E
ehsjr
- Jan 1, 1970
- 0
Tom said:Um, the 1k resistor I suggested goes between the top of the LED string
and the LM317 adj pin. You yank down directly on the adj pin. The
LM317 output will follow 1.25V above that. So if you manage to fully
ground the adj pin, the output voltage will be 1.25V. 1.25V across a
series string of 3 LEDs will cause a current of perhaps nanoamps to
flow in the LEDs, depending on what kind they are. But it will be at
most a tiny current, even it they are pretty hot.
When the adj pin is allowed to "float", it will be held by the 1k
resistor to very nearly the voltage at the top of the LED string. The
LM317 output pin will be 1.25V above that. So to get 300mA current in
the LEDs, you put a resistor between the output pin and the top of the
LED string: 1.25V/300mA is about 4 ohms.
When you pull the adj pin low, the thing which pulls it low must
handle the current out of the adj pin of the LM317, at most 100uA
(from the data sheet), plus the current in the 1k resistor. Since the
LED current is very low now, with the adj pin held low, there will be
essentially no drop in the 4-ohm resistor, so 1.25V drops across the
1k resistor, causing 1.25mA current. So the net current in the "low-
puller" (whatever it may be) is 1.35mA at most. You do want to make
sure you only pull DOWN on the adj pin to turn things off. Do NOT
connect it directly to the output (pin 3) of a 555, that can pull it
UP. That would try to turn on the LEDs harder than you intend.

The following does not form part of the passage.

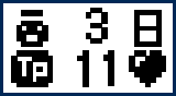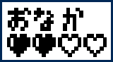 | てんしっちのおなかのすき具合がわかります。 黒いハートが増えるほど満足しているよ。 おなかがすいていたら「食事」をあげてね。 | |

Instead, put a diode in (anode to the adj pin) so you can only pull
down if you have any doubts about your circuit. If the LEDs you're
driving have even a moderately high voltage drop, you can safely use
just about any silicon signal diode. You don't need a diode if you're
driving the adj pin low using an open-collector or open-drain
transistor.
You shouldn't need any capacitors on the output end of the LM317 for
all this to work.
Cheers,
Tom
It can't work the way I understand your description - I'm
obviously not getting it. A schematic would help. Here's
a possibility for yanking down - feel free to modify
it to show what you have in mind. The 1K resistor from
the top of the LED string to the adj pin escapes me, so
it's not in the diagram, but it should work as drawn.
Ed
I -> ~300 mA
-----
Vcc + ----Vin|LM317|Vout-----+ <-- 1.25 v higher than
----- | the top of the LEDs.
Adj [4R]
| |
+------------+ <-- total LED vF when the NPN
| |a is off, Vce when the NPN
| [LED] is conducting.
/c |
YDC >---| [LED]
\e |
| [LED]
| |
Gnd ------------+------------+
YDC = "Yank Down Control"